Дѣвушка — у самыхъ ногъ. Въ жару. Мелкая густая сыпь. Хочетъ встать — нѣтъ силъ. Только прыгаетъ на мѣстѣ, какъ курица безъ головы. И кажется — голова отдѣлилась — шаръ — придетъ псаломщикъ Лыковъ, и пальцемъ, — палецъ съ версту — его загонитъ въ лузу.
— Пить!
Не пробраться къ крану. Кто-то сердобольный, чайникъ пригнулъ, и въ ротъ — теплую, рыжую отъ ржави воду. Мерзко во рту. Уйти бы на морозъ! Ноги не могутъ, только голова — наверхъ. И тихо, какъ изъ носика жестянаго, протухшая вода течетъ назадъ на кожаную куртку, на полъ, на лакированные штиблеты Поль-Луи.

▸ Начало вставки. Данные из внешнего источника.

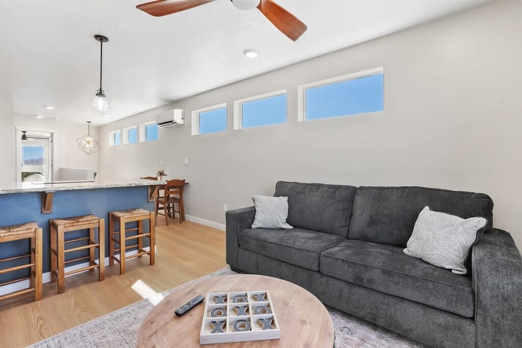 Feel at home in this spacious 6-bedroom, 4-bathroom haven in Caldwell, Idaho, perfect for group getaways or family reunions. This inviting retreat accommodates up to 18 guests and is situated near the freeway and Hwy 20/26, with shopping just 10 minutes away. This home boasts entertainment with a foosball table, home gym, and a trampoline. Each bedroom has a Smart TV. The first bedroom has a queen Temperpedic mattress with an adjustable base, side built-in cabinets, a smart 50" TV, and a closet. The full bathroom has shampoo, conditioner, body wash, and towels. The second bedroom is the "bunk room" with a triple bunk bed (twin over twins), kid toys, a smart TV, and a swing. The third bedroom has a king bed and a bunk bed (in the closet). The Jr Suite has 2 queen daybeds, a full Murphy bed, an 86" Smart TV, a closet, and a full bathroom with raised vanities. The primary ensuite has a king bed with an adjustable base, a large bathroom with a private water closet, a separate shower, a 6ft tub, and dual vanities. The open-concept living room, kitchen, and dining space features vaulted ceilings. The fully fenced backyard includes a covered back patio with ample seating and a BBQ grill. Three air mattresses are available for use. A 3-car driveway is available for parking. Street parking is also available, but please leave 3+ feet from driveways. Located in Canyon County, Caldwell, Idaho, right off the main freeway and Hwy 20/26, this home is a great jumping point to either the Boise Metropolitan area or Owyhee, Gem, and Washington counties. From I-84W, take Exit 29, continue on US-20E/US-26E, take a left at Aviation Way, right on Nantucket, left on Cliff Swallow, and the home will be on your right. The minimum age to rent is 21. Vaping and smoking are prohibited in the home. Loud parties are prohibited. Please respect quiet hours from 10 pm to 7 am. Please be respectful of furniture; no animals on furniture. Do not leave animals alone without being crated if it is a pet-friendly home. No cats are allowed unless pre-approved. If the hot tub is used, please refill it above the highest jet. If the hot tub is found to be excessively dirty or misused, a $150 fee will be charged to cover the cost of draining, cleaning, refilling, and re-treating the water. [SI]

Возлѣ вши на стѣнкѣ — генералъ съ танкомъ, польскій панъ (усы и штыкъ), голодъ — голый, коробка — черепъ, двѣ дыры. Всѣ приползли, ерзаютъ, щиплютъ.
Подпрыгивая по кочкамъ животовъ, цѣпляясь за сухіе сучья выпростанныхъ рукъ, какой-то мальченокъ добрелъ до Поль-Луи, — издали отмѣтилъ — штиблеты, воротникъ — подастъ.

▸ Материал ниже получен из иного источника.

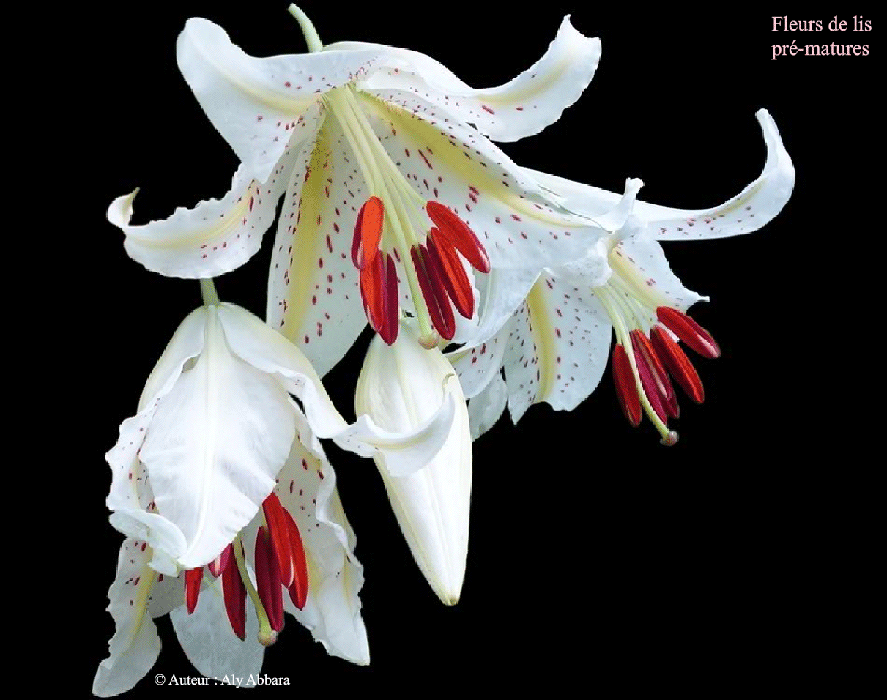 | Fleurs de Lis de la variété " Lilium auratum " ou " Lis impérial " au stade de pématurité avec des anthères recouvertes d'un fin film rendant la libération du pollen encore impossible أزهار من الزَنْبق الإمبرطوري في مرحلة ما قبل النضج حيث ما زال تحرير حب الطلع غير ممكن Le Japon : اليابان |

— Товарищъ, явите Божескую!..
Поль-Луи не понимаетъ. Мальчикъ пальцемъ — карманъ Луи, свой распахнувшійся, слюнявый ротъ.
Понялъ. Вспомнилъ. Въ карманѣ должны быть рижскіе сухарики — пакетъ. Досталъ. Кругомъ заволновались. Но мальчикъ не уступитъ. Глотаетъ цѣликомъ. Сухіе — застреваютъ. Нѣтъ времени жевать — отнимутъ. Отъ напряженія вылупилъ глаза. Всю пачку. Опустился, икнулъ, разокъ подпрыгнулъ, закрылъ глаза. Деревянный.

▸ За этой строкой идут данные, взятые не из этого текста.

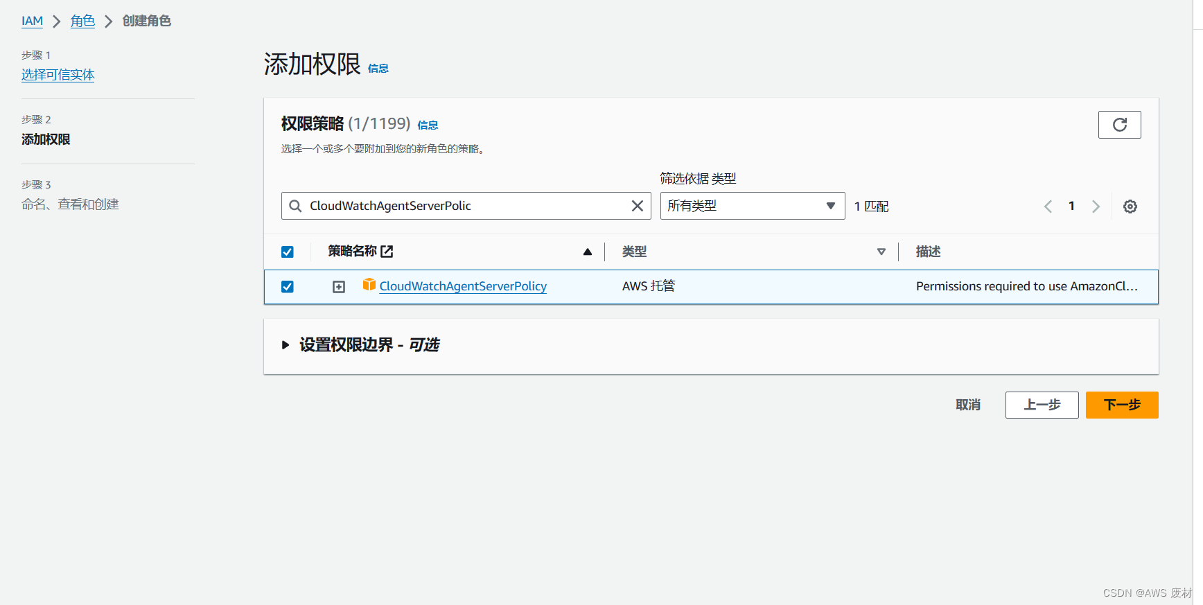 CloudWatch 代理在 Amazon Linux 2 中以软件包的形式提供。如果您使用的是此操作系统,则可以安装 package 通过输入以下命令。您还必须 确保附加到实例的 IAM 角色具有 附加的 CloudWatchAgentServerPolicyCloudWatch 代理在 Amazon Linux 2 中以软件包的形式提供。如果您使用的是此操作系统,则可以安装 package 通过输入以下命令。您还必须 确保附加到实例的 IAM 角色具有 附加的 CloudWatchAgentServerPolicy

И снова сонный полъ взрываетъ:
— Посадка!
Бабка — желѣзнодорожнику:
— Ну посади! Христомъ тебя молю!..
— Нельзя. Запрещено. Декретъ.
И тихо:
— Оно, конечно, можно съ запасныхъ, да только… Идемъ въ сторожку, вотъ что… Повожусь недолго. Поспѣешь.
Быстро, находу, заледенѣвшей большущей рукавицей — за пазуху. Она — визжитъ.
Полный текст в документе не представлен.